- What you are asked to do
Transcribe exactly everything in the data below from the line containing "An Art Nouveau" down to the line containing "三、好了,一切都了解了,那就", both lines included and nothing further.

- Data extract
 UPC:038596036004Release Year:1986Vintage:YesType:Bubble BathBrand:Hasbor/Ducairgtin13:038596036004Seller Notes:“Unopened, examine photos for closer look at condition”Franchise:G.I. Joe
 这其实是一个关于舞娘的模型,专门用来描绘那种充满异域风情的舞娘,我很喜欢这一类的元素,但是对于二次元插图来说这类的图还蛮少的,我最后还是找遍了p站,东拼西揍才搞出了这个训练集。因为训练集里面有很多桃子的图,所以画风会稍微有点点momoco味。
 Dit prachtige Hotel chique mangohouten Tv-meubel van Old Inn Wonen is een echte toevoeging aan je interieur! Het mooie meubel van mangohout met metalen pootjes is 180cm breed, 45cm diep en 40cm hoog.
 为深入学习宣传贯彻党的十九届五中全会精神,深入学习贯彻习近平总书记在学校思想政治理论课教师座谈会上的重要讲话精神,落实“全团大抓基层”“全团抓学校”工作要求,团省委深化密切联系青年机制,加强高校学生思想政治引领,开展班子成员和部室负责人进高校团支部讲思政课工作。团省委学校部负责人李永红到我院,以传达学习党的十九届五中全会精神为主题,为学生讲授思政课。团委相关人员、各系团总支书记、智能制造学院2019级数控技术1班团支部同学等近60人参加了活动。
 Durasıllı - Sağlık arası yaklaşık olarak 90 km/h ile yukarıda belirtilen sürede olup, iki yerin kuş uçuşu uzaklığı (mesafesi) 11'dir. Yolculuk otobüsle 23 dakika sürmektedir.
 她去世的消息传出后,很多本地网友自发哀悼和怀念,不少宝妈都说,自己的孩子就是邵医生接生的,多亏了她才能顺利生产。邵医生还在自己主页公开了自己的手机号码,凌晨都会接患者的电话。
--
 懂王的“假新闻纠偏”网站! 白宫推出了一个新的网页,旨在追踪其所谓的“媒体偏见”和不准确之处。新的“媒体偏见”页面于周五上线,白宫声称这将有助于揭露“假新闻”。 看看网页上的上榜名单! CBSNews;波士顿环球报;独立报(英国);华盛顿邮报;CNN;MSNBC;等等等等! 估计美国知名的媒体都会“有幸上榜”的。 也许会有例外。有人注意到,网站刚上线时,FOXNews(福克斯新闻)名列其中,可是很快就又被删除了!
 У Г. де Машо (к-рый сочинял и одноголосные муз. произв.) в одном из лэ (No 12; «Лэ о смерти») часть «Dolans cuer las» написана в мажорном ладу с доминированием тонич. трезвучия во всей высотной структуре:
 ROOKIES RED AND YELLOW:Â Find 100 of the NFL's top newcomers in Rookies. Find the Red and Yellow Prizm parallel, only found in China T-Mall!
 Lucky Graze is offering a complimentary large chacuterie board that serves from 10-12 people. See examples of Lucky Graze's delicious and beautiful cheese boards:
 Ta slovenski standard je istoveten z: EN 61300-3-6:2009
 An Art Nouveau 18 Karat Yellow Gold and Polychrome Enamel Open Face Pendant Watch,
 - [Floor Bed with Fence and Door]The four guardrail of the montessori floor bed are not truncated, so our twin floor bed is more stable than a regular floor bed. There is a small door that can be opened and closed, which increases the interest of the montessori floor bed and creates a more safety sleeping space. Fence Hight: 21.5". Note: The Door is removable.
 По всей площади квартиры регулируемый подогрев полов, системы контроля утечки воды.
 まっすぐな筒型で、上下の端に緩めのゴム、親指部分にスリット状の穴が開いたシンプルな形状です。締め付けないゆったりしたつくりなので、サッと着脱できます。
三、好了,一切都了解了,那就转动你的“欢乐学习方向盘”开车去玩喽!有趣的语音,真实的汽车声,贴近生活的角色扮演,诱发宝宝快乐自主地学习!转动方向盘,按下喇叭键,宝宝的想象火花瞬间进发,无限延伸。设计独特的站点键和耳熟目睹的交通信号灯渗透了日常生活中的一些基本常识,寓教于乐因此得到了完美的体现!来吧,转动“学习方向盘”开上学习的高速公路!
...
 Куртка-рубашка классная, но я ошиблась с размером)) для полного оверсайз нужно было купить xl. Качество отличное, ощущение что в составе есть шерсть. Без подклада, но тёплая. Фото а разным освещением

- Solution for this problem
 An Art Nouveau 18 Karat Yellow Gold and Polychrome Enamel Open Face Pendant Watch,
 - [Floor Bed with Fence and Door]The four guardrail of the montessori floor bed are not truncated, so our twin floor bed is more stable than a regular floor bed. There is a small door that can be opened and closed, which increases the interest of the montessori floor bed and creates a more safety sleeping space. Fence Hight: 21.5". Note: The Door is removable.
 По всей площади квартиры регулируемый подогрев полов, системы контроля утечки воды.
 まっすぐな筒型で、上下の端に緩めのゴム、親指部分にスリット状の穴が開いたシンプルな形状です。締め付けないゆったりしたつくりなので、サッと着脱できます。
三、好了,一切都了解了,那就转动你的“欢乐学习方向盘”开车去玩喽!有趣的语音,真实的汽车声,贴近生活的角色扮演,诱发宝宝快乐自主地学习!转动方向盘,按下喇叭键,宝宝的想象火花瞬间进发,无限延伸。设计独特的站点键和耳熟目睹的交通信号灯渗透了日常生活中的一些基本常识,寓教于乐因此得到了完美的体现!来吧,转动“学习方向盘”开上学习的高速公路!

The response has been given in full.